Raw data:
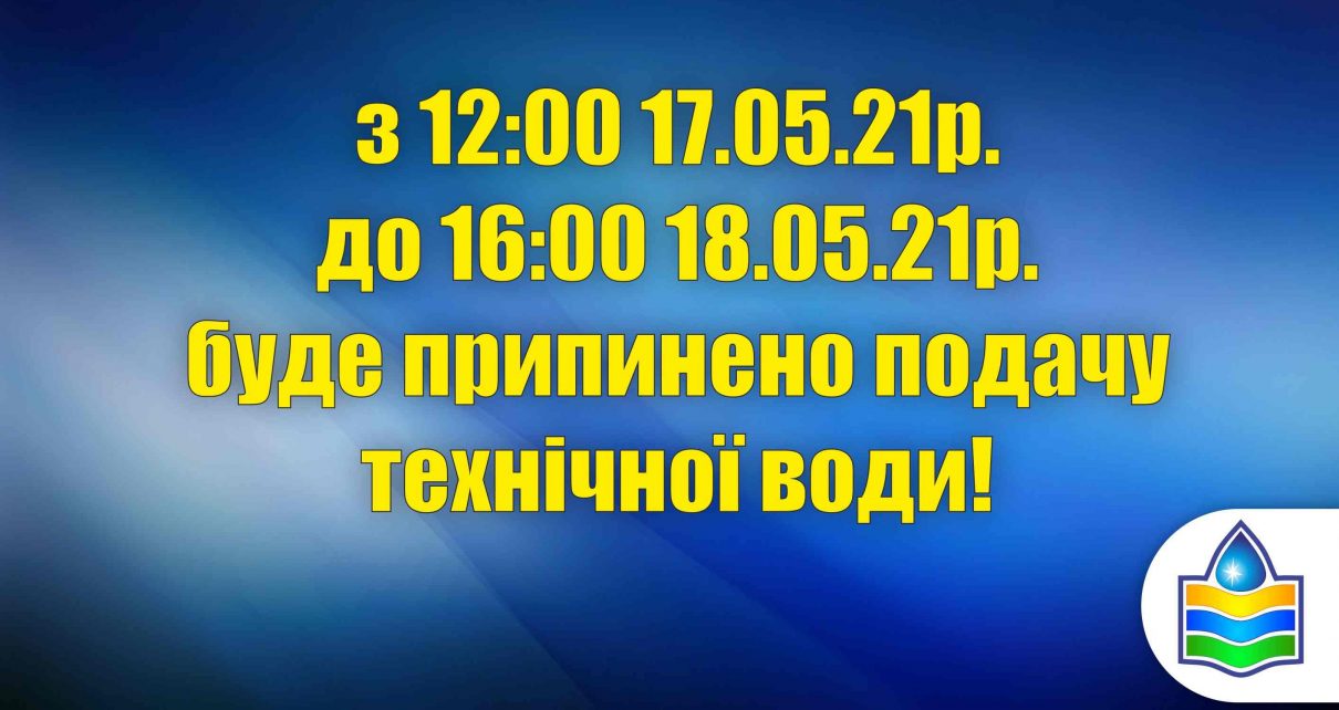 Буде припинено подачу технічної води на квартали № 1,2,3,4,5 з 12:00 17.05.21р. до 16:00 18.05.21р.
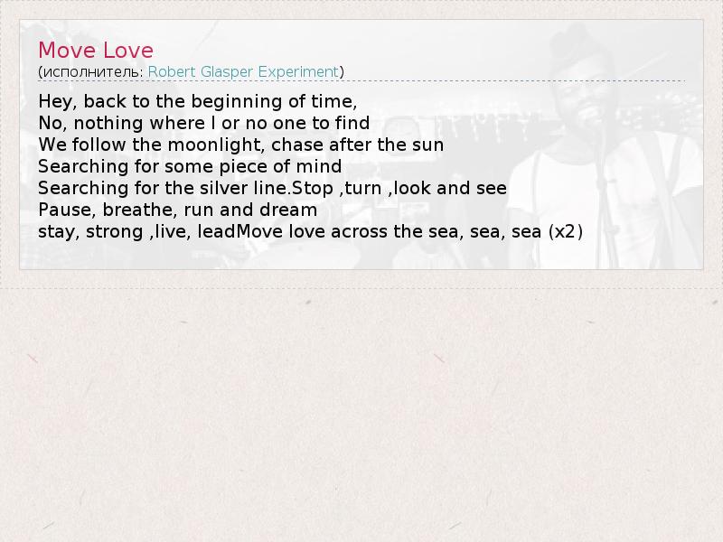 Это интересно:Robert Glasper's Experiment – проект харизматичного пианиста Роберта Гласпера, в рамках которого он исследует возможности объединения джаза, электроники, соула, фанка и хип-хопа.Сам же Роберт Гласпер родился 5 апреля 1978 года в Хьюстоне, шт. Техас. Первым учителем (в 12 лет) стала мать, которая профессионально играла на пианино джаз и блюз. В 14 он уже аккомпанировал на службах в баптистских и католических... продолжение
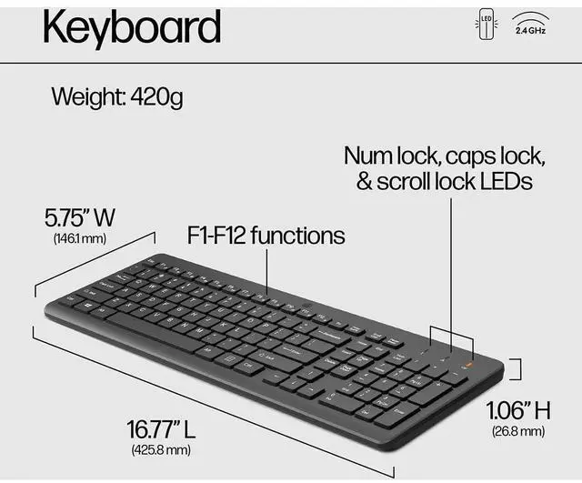 Pick up and go with the JAYSUING 330 Wireless Keyboard and Mouse Combo--the perfect wireless companions for wherever your journey takes you. Experience quieter, more comfortable computing without the distracting noise of mouse clicks and keystrokes with this ergonomic chiclet keyboard with numeric keypad and computer mouse. Reduce workspace clutter and say goodbye to tangled cords as you enjoy untethered 2.4GHz wireless connectivity (1) for both devices using a single USB receiver compatible with USB-A enabled laptop PCs and desktop computers. Work smarter and with fewer keystrokes thanks to convenient F1-F12 keyboard shortcuts that activate frequently used functions with just a keypress, while easy-to-see LED indicators illuminate the Num Lock, Caps Lock, and Scroll Lock keys so you can see what's on or off at a glance. Designed for all-day comfort, the wireless ergonomic mouse features multi-surface 1600 dpi optical sensor technology for smooth mouse tracking on virtually any surface (1), plus the 1600 dpi optical sensor gives you precise, accurate control of every click and selection for greater speed and efficiency. And thanks to its energy-efficient design, the JAYSUING 330 Wireless Keyboard and Mouse Combo keeps you productive all-day without interruption with 20+ months of battery life for the keyboard and 24+ months for the mouse using just 2 AAA batteries (2). (1) Does not track on glass. (2) Utilizes 2 AAA Batteries. Battery life based on 5 days week, 8 hours per day. Actual battery life will vary with use and environmental conditions and will naturally decrease with time and usage.
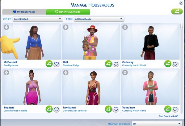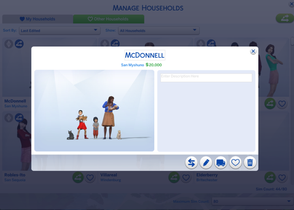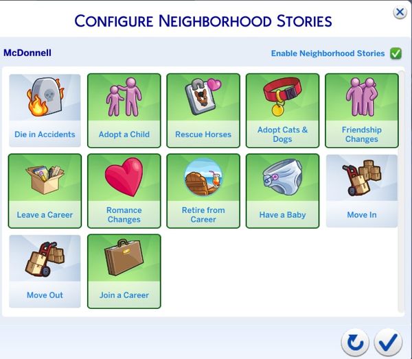 2. Open Manage Households and check the generated families. Enable Neighborhood Stories. I recommend turning off “death by accident” and leave the rest enabled. This way households will not be recycled, so the game continues generating them.
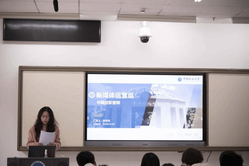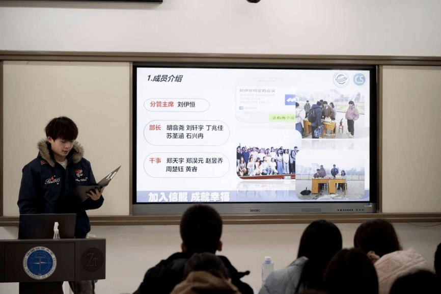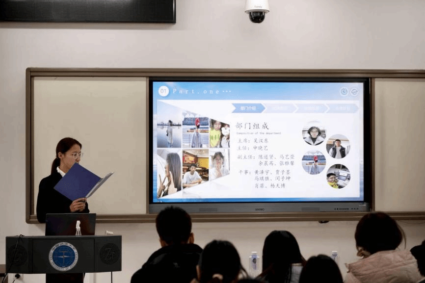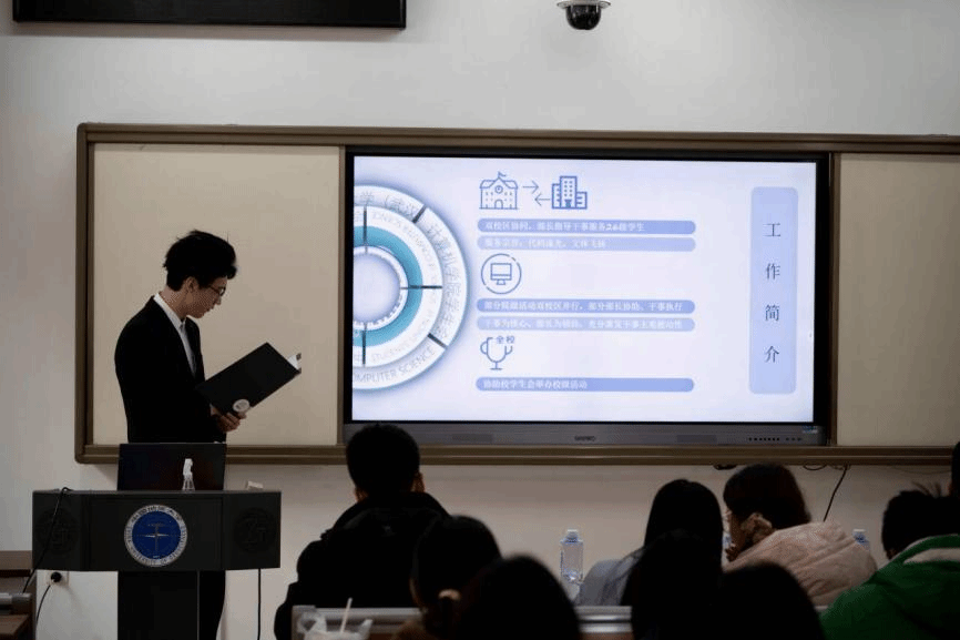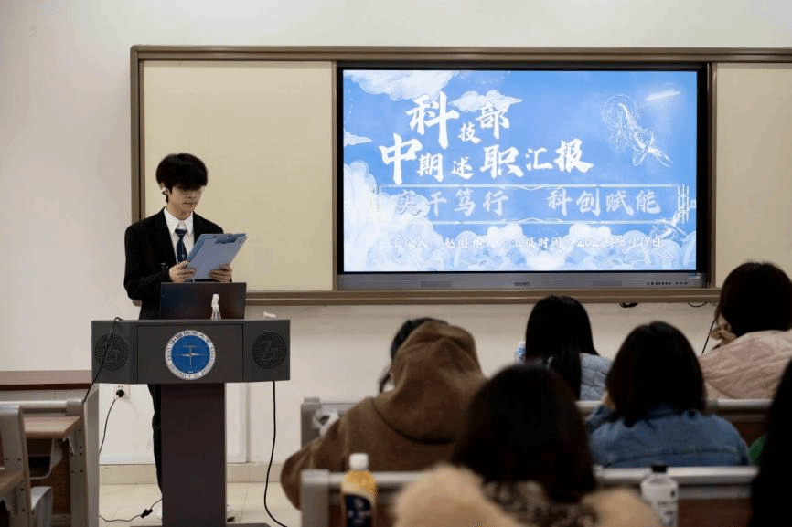 答辩现场,由学生会主席团成员吴汉东主持,组织部、志愿者协会、全媒体中心各工作组、信息调研与权益服务中心、文体部、办公室、科技部、学风部各部门负责人进行依次汇报。

What is expected:
Every line above is to be given again exactly, apart from the pictures.

Finished task:
 Буде припинено подачу технічної води на квартали № 1,2,3,4,5 з 12:00 17.05.21р. до 16:00 18.05.21р.
 Это интересно:Robert Glasper's Experiment – проект харизматичного пианиста Роберта Гласпера, в рамках которого он исследует возможности объединения джаза, электроники, соула, фанка и хип-хопа.Сам же Роберт Гласпер родился 5 апреля 1978 года в Хьюстоне, шт. Техас. Первым учителем (в 12 лет) стала мать, которая профессионально играла на пианино джаз и блюз. В 14 он уже аккомпанировал на службах в баптистских и католических... продолжение
 Pick up and go with the JAYSUING 330 Wireless Keyboard and Mouse Combo--the perfect wireless companions for wherever your journey takes you. Experience quieter, more comfortable computing without the distracting noise of mouse clicks and keystrokes with this ergonomic chiclet keyboard with numeric keypad and computer mouse. Reduce workspace clutter and say goodbye to tangled cords as you enjoy untethered 2.4GHz wireless connectivity (1) for both devices using a single USB receiver compatible with USB-A enabled laptop PCs and desktop computers. Work smarter and with fewer keystrokes thanks to convenient F1-F12 keyboard shortcuts that activate frequently used functions with just a keypress, while easy-to-see LED indicators illuminate the Num Lock, Caps Lock, and Scroll Lock keys so you can see what's on or off at a glance. Designed for all-day comfort, the wireless ergonomic mouse features multi-surface 1600 dpi optical sensor technology for smooth mouse tracking on virtually any surface (1), plus the 1600 dpi optical sensor gives you precise, accurate control of every click and selection for greater speed and efficiency. And thanks to its energy-efficient design, the JAYSUING 330 Wireless Keyboard and Mouse Combo keeps you productive all-day without interruption with 20+ months of battery life for the keyboard and 24+ months for the mouse using just 2 AAA batteries (2). (1) Does not track on glass. (2) Utilizes 2 AAA Batteries. Battery life based on 5 days week, 8 hours per day. Actual battery life will vary with use and environmental conditions and will naturally decrease with time and usage.
 2. Open Manage Households and check the generated families. Enable Neighborhood Stories. I recommend turning off “death by accident” and leave the rest enabled. This way households will not be recycled, so the game continues generating them.
 答辩现场,由学生会主席团成员吴汉东主持,组织部、志愿者协会、全媒体中心各工作组、信息调研与权益服务中心、文体部、办公室、科技部、学风部各部门负责人进行依次汇报。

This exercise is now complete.